You shouldn't stack cans, I keep my jars in a room, the darker the better but it doesn't have to be pitch dark.
We took regular shelves and cut them down.


----------



## terri9630 (Mar 12, 2012)

I stack jars when I'm out of room and have never had any issues. If it's something we don't use "everyday" I will put a piece of cardboard between them for stability. I just make sure newly canned jars are completely cool.


----------



## Ozarks Tom (May 27, 2011)

We stack pint with no problem, but not quarts. If we just have to stack quarts we put them in the boxes to stack.


----------



## Melesine (Jan 17, 2012)

I've never had issues with stacking.


----------



## sammyd (Mar 11, 2007)

My folks would store them in their boxes so stacking wasn't an issue.
We stack ours with cardboard in between in the cupboards in the kitchen and single rows on the shelves upstairs or in plastic totes tall enough for 1 layer of jars.


----------



## TnAndy (Sep 15, 2005)

One of our canning locations, I built the shelving 2 quart jars apart. Then we use a pc of 1/4" plywood (saved cutoffs) on top the bottom layer of jars. Pints, we usually stack on top each other.


----------



## Easternshoreman (Jan 28, 2015)

Thank you all for the responses. I keep most of my jars in a spare room on a shelf. It has curtains so they don't get direct sun. Sounds like that should be ok.


----------



## shellybo (Nov 9, 2013)

I have limited storage space but found a great way to store a lot of my canned food. Under my bed I purchased several plastic under bed boxes with lids from Walmart (they cost about $6.00 each without wheels). They fit pint jars perfectly- about 30 jars in each box). No one would even know they are there since I have a cloth skirt on my bed which hangs over the side. They seems to slide easy when filled with jars. I just slide them out get what I need and slide them back under my bed (8 boxes fit under my bed). I also make use of closet space and stack pints with cardboard between the jars.

here is a link to the boxes, they weren't available online so I purchased them from the store.



http://www.walmart.com/ip/Sterilite-8.5-Gallon-34-Quart-Latch-Storage-Box-Set-of-6/20699654


----------



## suitcase_sally (Mar 20, 2006)

Not very neat, but works for me. This is out in the pole barn (climate controlled).

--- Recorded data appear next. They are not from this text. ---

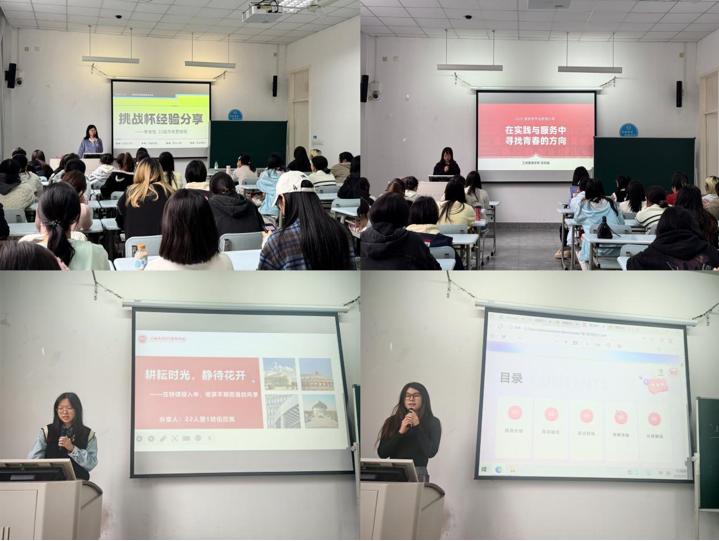 首位分享者李佳怡同学以“挑战自我,杯载荣光”为题,详细分享了其参与“挑战杯”竞赛的心路历程。她从参赛初心谈起,系统地阐述了备赛过程中的关键要点:在组队方面,她强调跨学科、优势互补团队的重要性;在材料撰写上,她分享了如何精准提炼亮点、构建逻辑清晰的故事线;在答辩环节,她则从仪表仪态、语言表达与临场应变等方面给出了具体建议,为有志于参与学术竞赛的同学提供了清晰的行动指南。随后,学院团学联主席张羽菡同学以“在实践与服务中寻找青春的方向”为主题,深情讲述了自己的成长之路。她结合自身从一名普通学生到学生骨干的蜕变,尤其在志愿服务领域的深耕,从态度、目标、初心三个维度展开分享。她指出,唯有怀抱真诚的服务态度,设定清晰的成长目标,并始终坚守奉献的初心,才能在服务同学、奉献社会的过程中实现个人价值的升华,找到青春的闪光方向。第三位分享者伍欣岚同学以“耕耘时光,静待花开”为题,展现了其在学业与思想追求上的持续投入。她首先分享了高效实用的学习方法,强调了时间管理、知识体系构建与深度思考的重要性。接着,她动情回顾了自己的入党历程,讲述了如何在学习、生活和工作中以党员标准严格要求自己,将个人成长与国家发展紧密相连的心得体会,鼓励同学们在持续的努力中,静心等待属于自己的绽放时刻。最后,杭雨欣同学带来了题为《“实”刻闪光》的实习经验分享,内容紧密贴合商科学子的职业发展需求。她从简历制作的技巧讲起,深入剖析了如何打造一份脱颖而出的个人简历;随后,她拆解了知名企业的面试流程,并分享了应对不同面试形式的策略;此外,她还就如何准备商业竞赛提供了独到见解。她的分享“干货”满满,极具实操性,为同学们未来的求职与实习之路奠定了坚实基础。
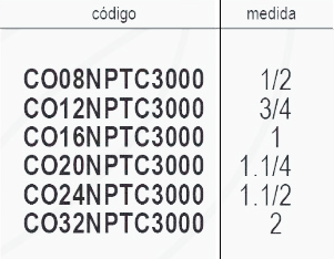 | Codigo | CO08NPTC3000 1/2, CO12NPTC3000 3/4, CO16NPTC3000 1, CO20NPTC3000 1.1/4, CO24NPTC3000 1.1/2, CO32NPTC3000 2 |
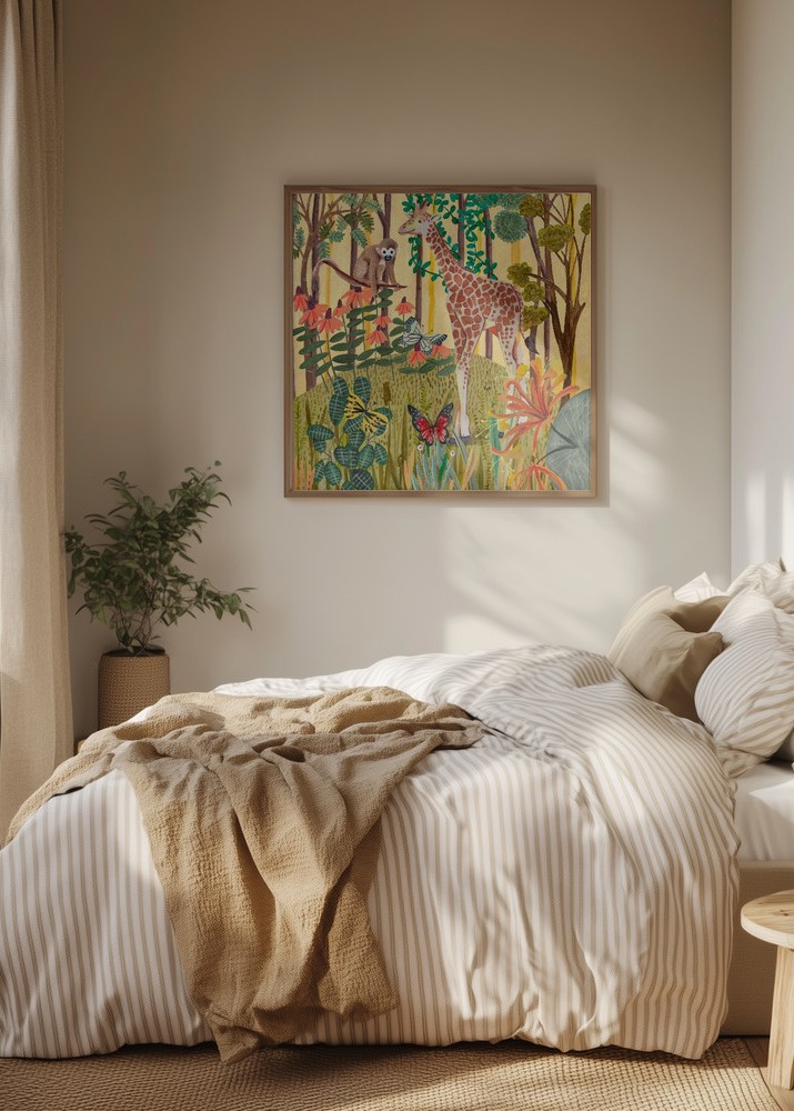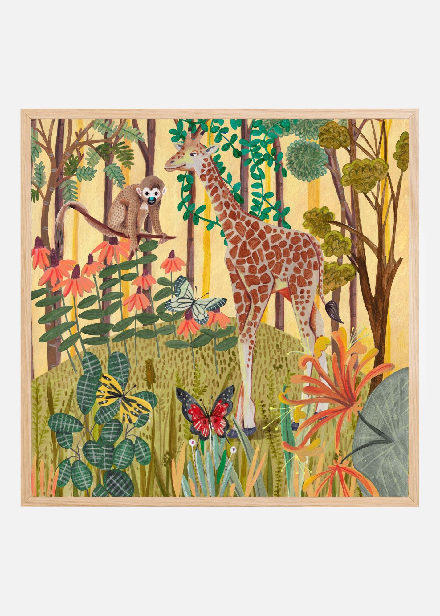 Denna poster fångar en livfull och charmig scen från djungeln, där en giraff och en nyfiken apa står i fokus. Omgivna av frodiga gröna blad och färgglada blommor, ger motivet en känsla av äventyr och upptäckarlust. Fjärilar fladdrar runt, vilket tillför en extra dimension av liv och rörelse till detta unika print. Häng upp denna affisch för att ge rummet en touch av det exotiska och stimulera fantasin hos både vuxna och barn.
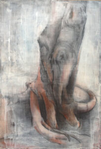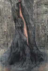 Особенно масштабные драмы звучат в серии живописных полотен «Деревья», представленных на выставке «ARBOR: жизненная форма», написанных на холстах акрилом, углем и сангиной. Аутентичные, необычные, очень энергичные портреты деревьев без фона в метафизической среде — ни земли, ни неба, стволы и ветви, иногда сильно напоминающие анатомию тела с кровеносными сосудами и мышцами, суставами и сочленениями…»
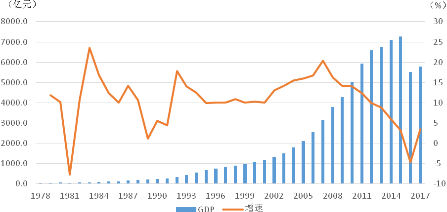 经济总量实现重大跨越。2017年,沈阳地区生产总值达到5784.7亿元,按可比价格计算,是1978年(43.6亿元)的50倍。改革开放40年,全市经济伴随着体制变革、机制转换以及结构调整,先后经历了转型期、快速增长期和调速换挡期。近年来,受国际金融危机及新旧动能转换等多种因素影响,全市经济进入新常态,由高速增长逐步转向高质量发展。
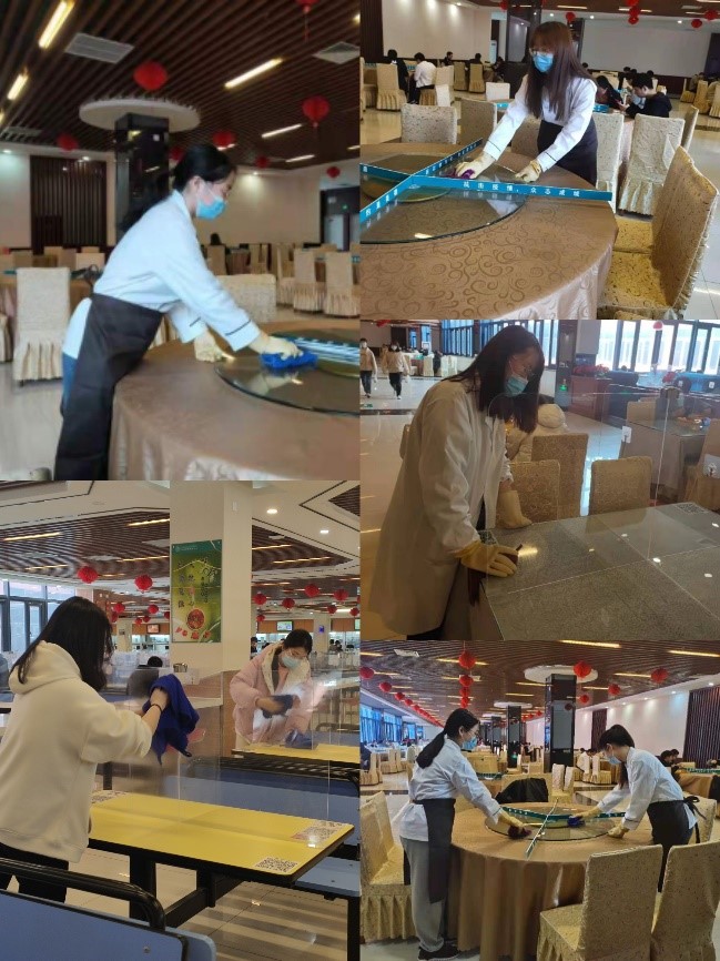 志愿者们身着白色防护服,戴好口罩,系上围裙,或是手拿抹布,细细擦拭每张桌子;或是戴上手套,微笑接过每个餐盘,认真负责,任劳任怨,默默付出,在餐厅的每个角落里,同学们能看见他们忙碌的身影。
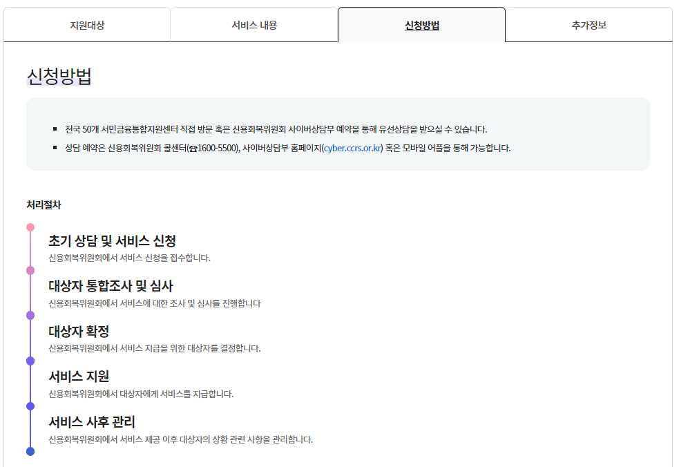 - 콜센터(1600-5500) 혹은 사이버 상담부 홈페이지(https://cyber.ccrs.or.kr)에서 서비스 신청 접수 : 개인은 지정된 상담 기관에 연락하여 상담사와 약속을 잡을 수 있습니다. 상담 기관은 개인의 재정 상황을 검토하고 부채 조정 프로그램에 적합한지 여부를 결정합니다.
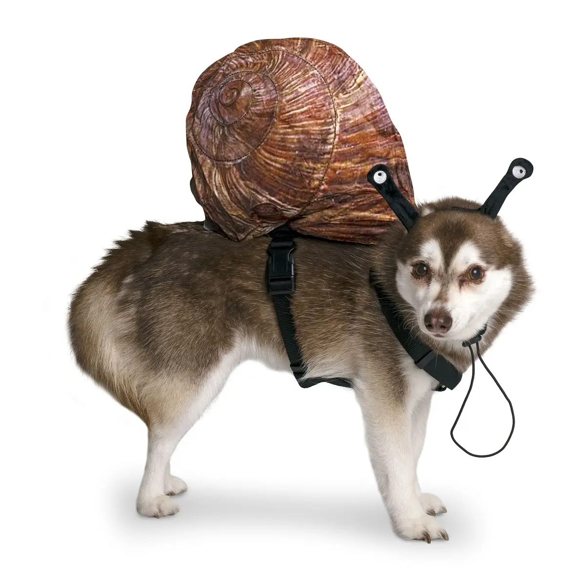 Brown and black snail dog Halloween costume. Best for medium to large-sized dogs. Includes snail eyes headband that stretches from 4" to 8" in diameter and includes an adjustable chin strap. The snail's shell is multicolored with oranges and brown tones and it sits nicely on the pet's back with an adjustable harness. D-ring is attached for easy trick-or-treating with a leash! The harness expands to a 22" chest and 30" back. Your dog will look like an adorable snail when they are wearing this hilarious costume!
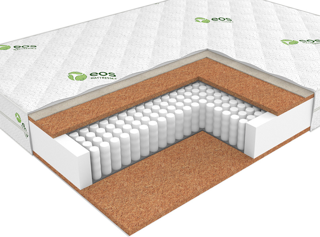 | Материал | Кокосовая койра, Блок независимых пружин, Хлопковое полотно, Чехол, Усиление по периметру матраса |

Wrong picture. Can't seem to get the one I wanted.


----------



## Use Less (Nov 8, 2007)

Are you canning more and using it up timely, or are you canning and ending up with extras that start to be three or four years old. As long as the seal holds, it's safe, but canned food degrades in quality. I'm leery of stacking, prefer not to keep canned goods in boxes since I see how many BOXES, not how many jars/servings. My mother canned a lot and always left the rings on, but the Ball Book says to remove those. Probably a good idea, since it makes it obvious if something is poorly sealed, or lets go after a while.


----------



## terri9630 (Mar 12, 2012)

Use Less said:


> Are you canning more and using it up timely, or are you canning and ending up with extras that start to be three or four years old. As long as the seal holds, it's safe, but canned food degrades in quality. I'm leery of stacking, prefer not to keep canned goods in boxes since I see how many BOXES, not how many jars/servings. My mother canned a lot and always left the rings on, but the Ball Book says to remove those. Probably a good idea, since it makes it obvious if something is poorly sealed, or lets go after a while.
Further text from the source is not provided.